On the Performance of Physical Layer Security for Continuous-Aperture Array (CAPA) Systems

TL;DR

This paper introduces a CAPA-based framework for enhancing physical layer security, deriving fundamental limits and analyzing optimal beamforming strategies for different SNR regimes.

Contribution

It provides a novel continuous beamforming design for CAPA systems, deriving closed-form secrecy performance limits and analyzing asymptotic behaviors.

Findings

CAPA-based beamforming outperforms traditional methods in secrecy rate and power efficiency.

Optimal current distributions simplify to MRT and ZF beamforming in different SNR regimes.
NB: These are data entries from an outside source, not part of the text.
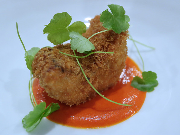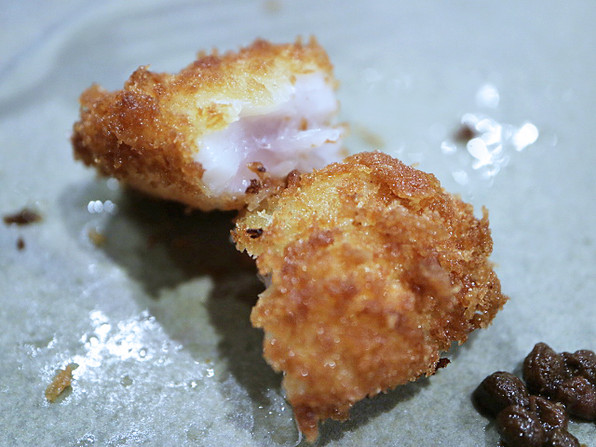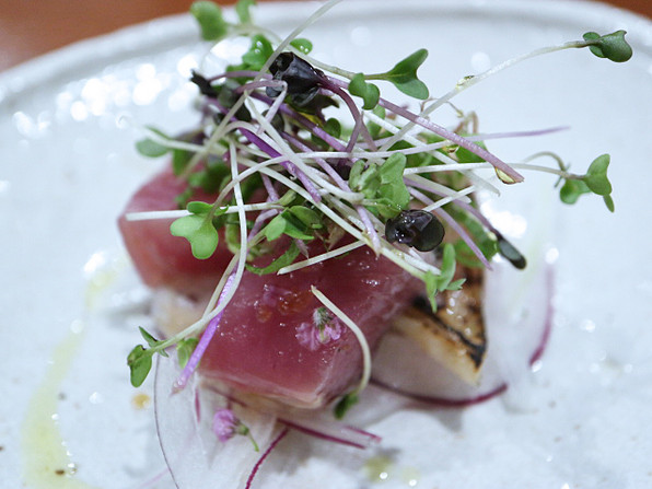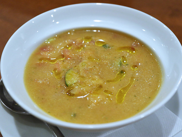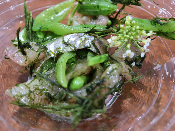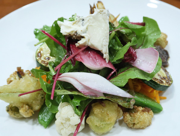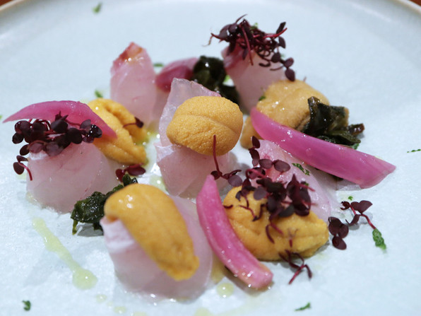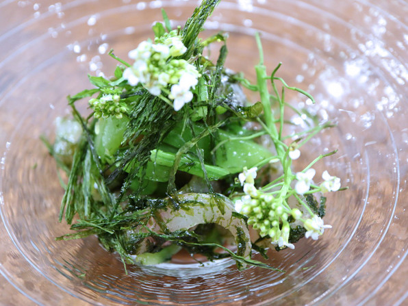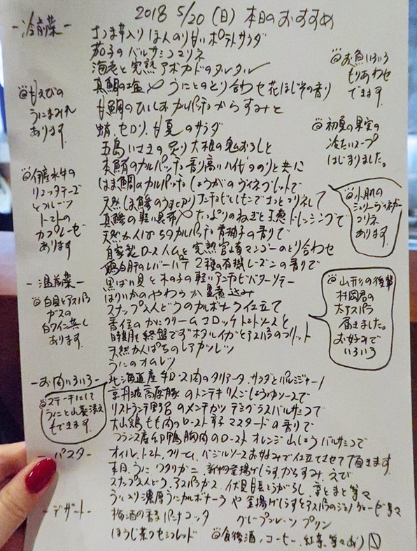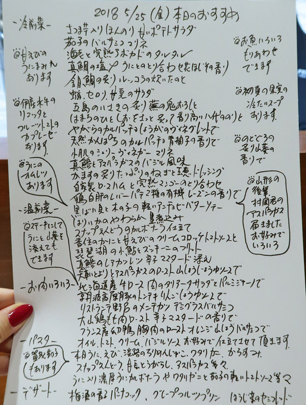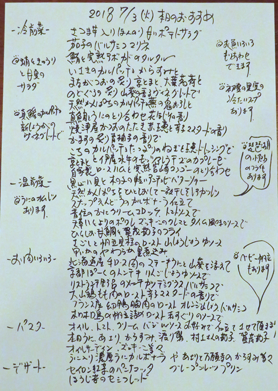 夏のフルーツスープに、山盛り野菜サラダと思ったら中からクリームコロッケが出てきたり、手延べピーチに魚介ソースで十分おいしいのにまだ雲丹がたっぷりのせられていたりと、何重にも味わいを重ねてあり、お皿の上は楽しさが爆発している感じでした。なんて気合の入った、圧倒的に力のある料理(^o^)(^o^)☆☆☆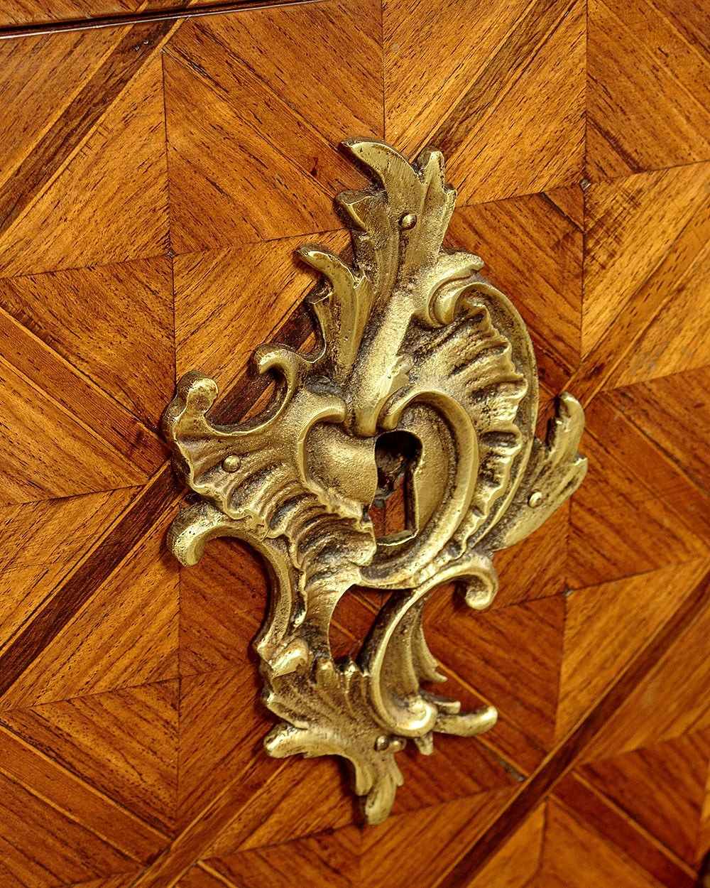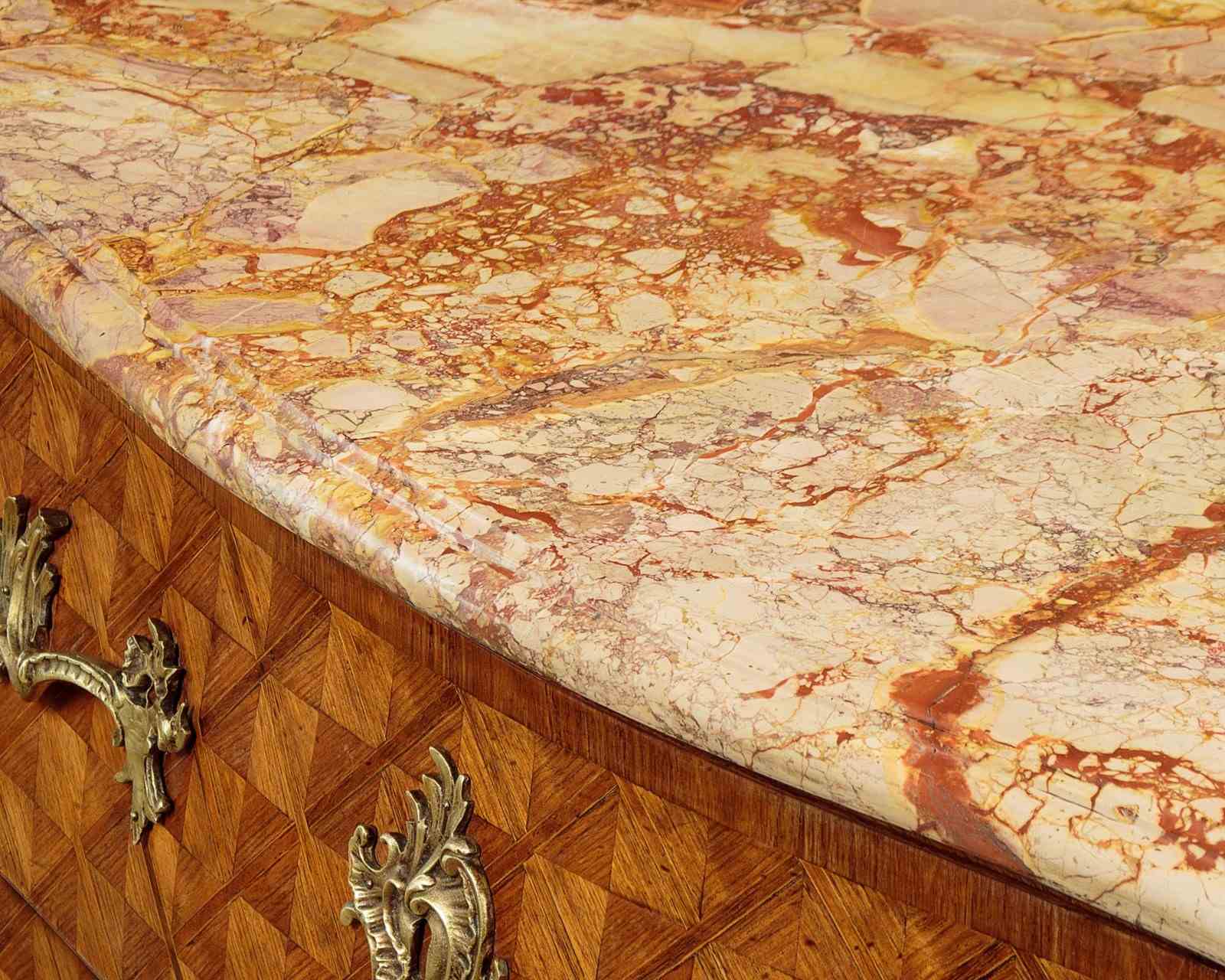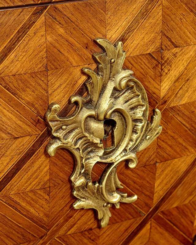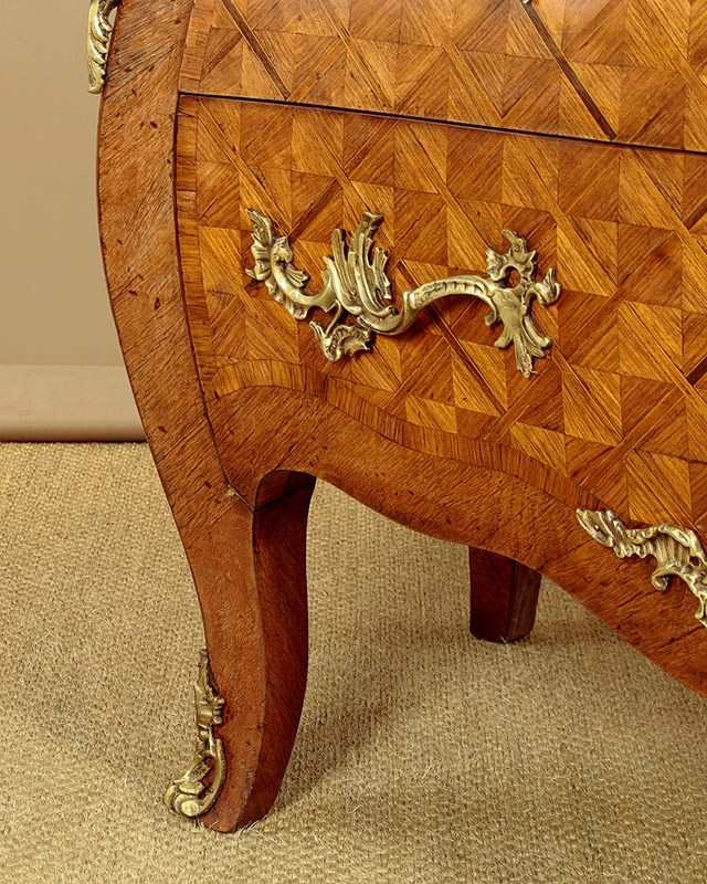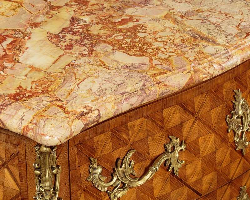 Good sized French Louis XV style marble top parquetry commode or chest of drawers c.1930. Beautifully figured 1¼" tick marble top with a serpentine shaped and moulded edge. Over a chest of two large drawers with bombe shaped front and sides featuring superb parquetry work veneers laid to create a striking geometric pattern within a crossbanded surround. Large and well cast pierced brass handles and escutcheon plates to the drawer fronts, pierced brass mounts to the shoulders and at the centre of the apron to the bottom edge of the lower drawer front. Shaped legs with further brass mounts to the front feet. Oak drawer linings. Excellent colour and condition, cleaned and waxed in our workshops.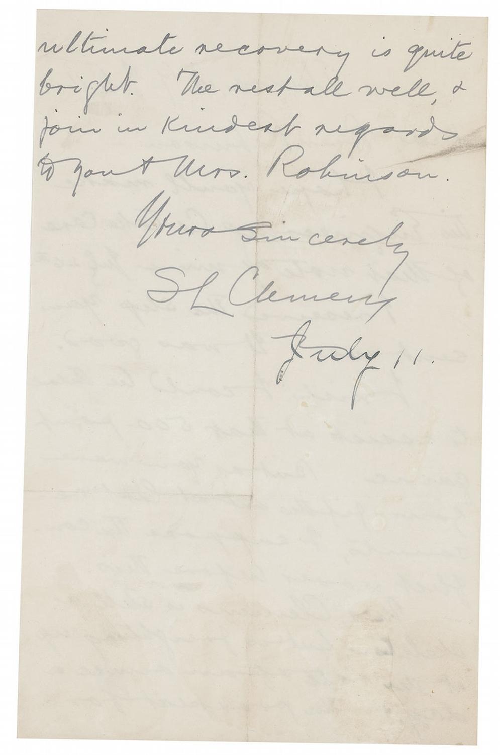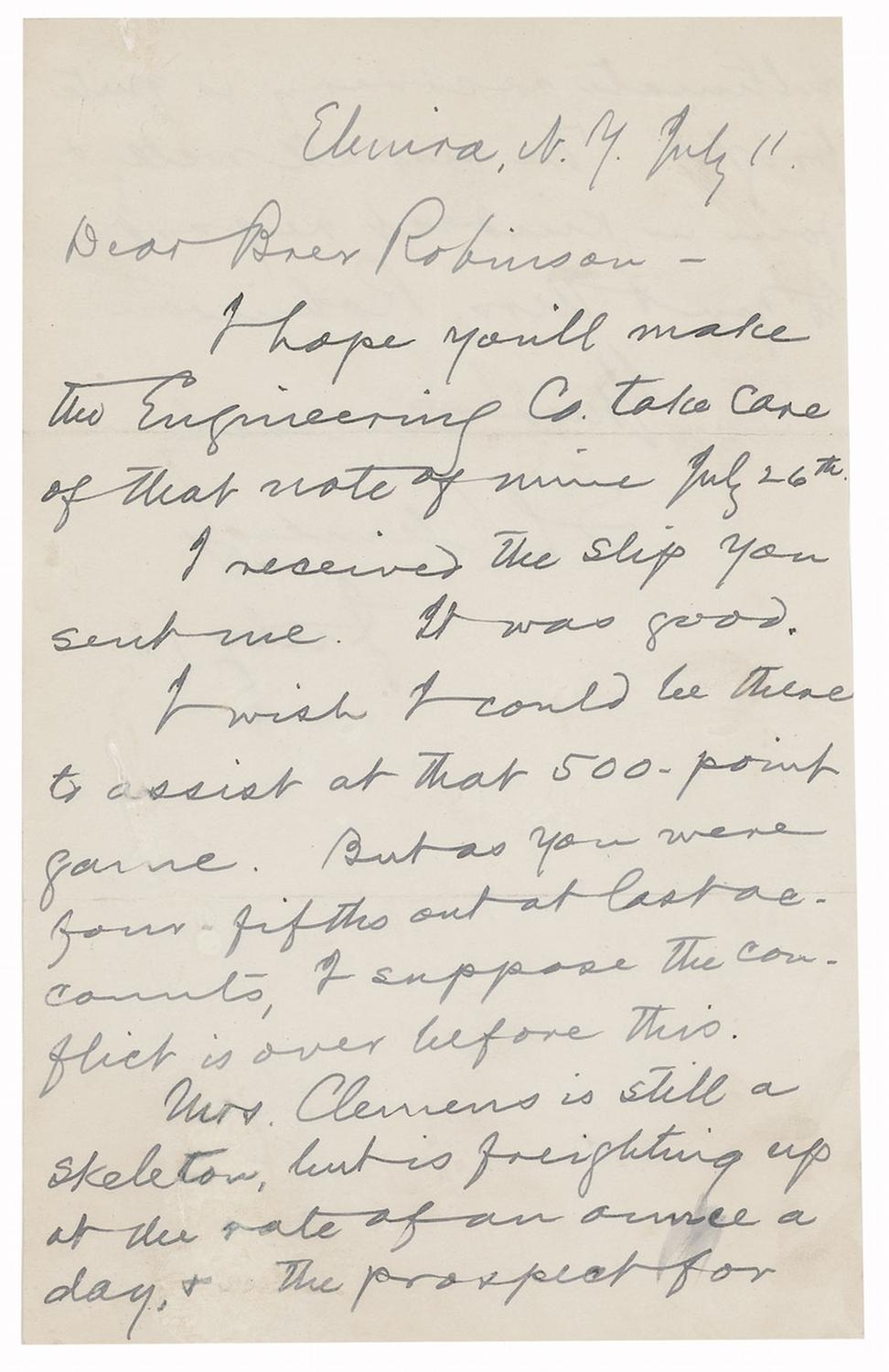 ALS signed “S. L. Clemens,” one page both sides, 5.25 x 8.5, July 11. Letter to Hartford friend and mayor, Henry ‘Brer’ Robinson. In full: “I hope you'll make the Engineering Co. take care of that note of mine July 26th. I received the slip you sent me. It was good. I wish I could be there to assist at the 500-point game. But as you were four-fifths out at last accounts, I suppose the conflict is over before this. Mrs. Clemens is still a skeleton, but is freighting up at the rate of an ounce a day, & the prospect for ultimate recovery is quite bright. The rest all well, & join in kindest regards to you & Mrs. Robinson.” In fine condition, with intersecting folds (vertical fold passing through the signature), a couple slight brushes to text, and a bit of scattered light soiling. Despite his playful jab here at his friend’s playing ability, Robinson’s 1900 death is said to have deeply affected the author, who lamented the end of the 16-year-long billiard party in which the two men partook.

CAPAs outperform SPDAs in secrecy performance.

Abstract

A continuous-aperture array (CAPA)-based secure transmission framework is proposed to enhance physical layer security. Continuous current distributions, or beamformers, are designed to maximize the secrecy transmission rate under a power constraint and to minimize the required transmission power for achieving a specific target secrecy rate. On this basis, the fundamental secrecy performance limits achieved by CAPAs are analyzed by deriving closed-form expressions for the maximum secrecy rate (MSR) and minimum required power (MRP), along with the corresponding optimal current distributions. To provide further insights, asymptotic analyses are performed for the MSR and MRP, which reveals that i) for the MSR, the optimal current distribution simplifies to maximal ratio transmission (MRT) beamforming in the low-SNR regime and to zero-forcing (ZF) beamforming in the high-SNR regime; ii) for the MRP, the optimal current distribution simplifies to ZF beamforming in the high-SNR regime. The derived results are specialized to the typical array structures, e.g., planar CAPAs and planar spatially discrete arrays (SPDAs). The rate and power scaling laws are further analyzed by assuming an infinitely large CAPA. Numerical results demonstrate that: i) the proposed secure continuous beamforming design outperforms MRT and ZF beamforming in terms of both achievable secrecy rate and power efficiency; ii) CAPAs achieve superior secrecy performance compared to conventional SPDAs.